森が開けた場所に、やはりあの家は建っていました。
「あれ?誰か……門のとこに立っていやがる」
「護衛か?」
「いや……あの女だ!」
家の入り口に1つの人影がありました。あの美しい女でした。女は以前とは違い、それはそれは美しくて柔らかい笑顔を浮かべていました。
村の女たちを野に咲く花と例えるなら、彼女は大きな祠の中央に据えられた鏡の両脇を彩る、朝露たっぷりの気品ある百合の花でしょうか。

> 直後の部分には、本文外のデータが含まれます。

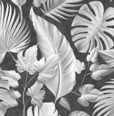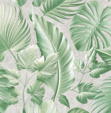 Lush palm leaf motifs in viridian tones bring an exotic, refreshing atmosphere.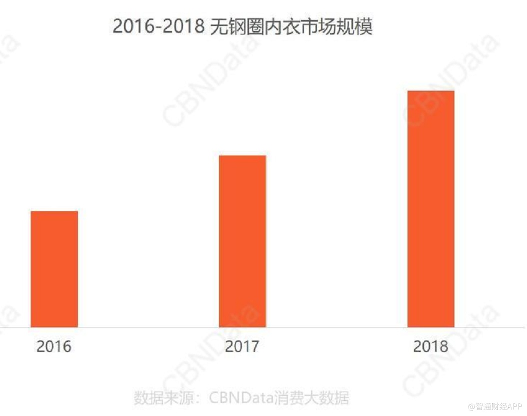 从行业趋势来看,传统内衣品牌正面临品牌升级挑战,企业纷纷向切细分人群,孵化年轻品牌转型。同时,需求变化也正搅动内衣市场长久不变的格局。例如,据CBNData消费大数据报告显示,无钢圈文胸市场规模在近年正保持稳定、突出的增长速度。

3人の男達はゴクリと唾を飲み込みました。改めて女をマジマジと見れば、高級そうな布で大部分を覆われてるにも関わらず、何故かハッキリと窺えるその豊満な身体つきがより魅力的に思えてしまいます。
女は、ようやく逢えた恋人を見るかのような顔つきで言いました。
「もし、そこのあなた方……。もうすぐ夜になってしまいます。夜になれば森の中は暗く、危険もあるでしょう。一晩だけ、こちらにお泊まりになられてはいかがですか?」
3人は顔を見合わせて頷きました。
(やはりこの女はお人好しすぎる。お貴族様の娘に違いない)
男達はそれぞれそう思いました。
(願ってもねえこった。屋敷の中にまで呼んでくれるとは、これからのことは決まったようなもんよ)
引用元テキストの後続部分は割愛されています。